Key Observations: International vs. Club

Visibility factor: World Cups and continental championships often provide the main exposure for players from smaller leagues
Opponent quality: International matches against lower-ranked nations may inflate statistics
Team dynamics: Some players thrive in national team systems that differ from their clubs
Sample size: International data is limited (10-15 matches per year maximum)
Tournament performance: Big tournament performers may command premium valuations

Growth and Opportunities in Women's Football Analytics

The women's football analytics landscape presents unique opportunities for analysts and data scientists.

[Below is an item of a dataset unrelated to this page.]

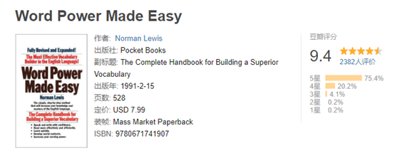 大部分是SAT和GRE单词,单词是全英释义,还会配上练习题。Word Power Made Easy

The rapid professionalization of the game means there's significant room to make an impact.

Growing Opportunities

Clubs building dedicated women's analytics departments
Federations investing in national team analytics
Media companies seeking women's football content
Data providers expanding coverage
Academic research gaining momentum

Areas for Innovation

Women's football-specific xG models
Physical performance benchmarks
Youth development pathways
Cross-league player comparison
Commercial analytics for growing the game

Analyzing the growth trajectory of women's football

# Analyzing Growth of Women's Football
import pandas as pd
import matplotlib.pyplot as plt

# Sample data: Growth metrics over time
growth_data = pd.DataFrame({
    "year": [2019, 2020, 2021, 2022, 2023] * 2,
    "metric": ["WSL Average Attendance"] * 5 + ["NWSL Average Attendance"] * 5,
    "value": [3048, 2847, 3523, 6744, 8134, 7337, 0, 7843, 10628, 11276]
})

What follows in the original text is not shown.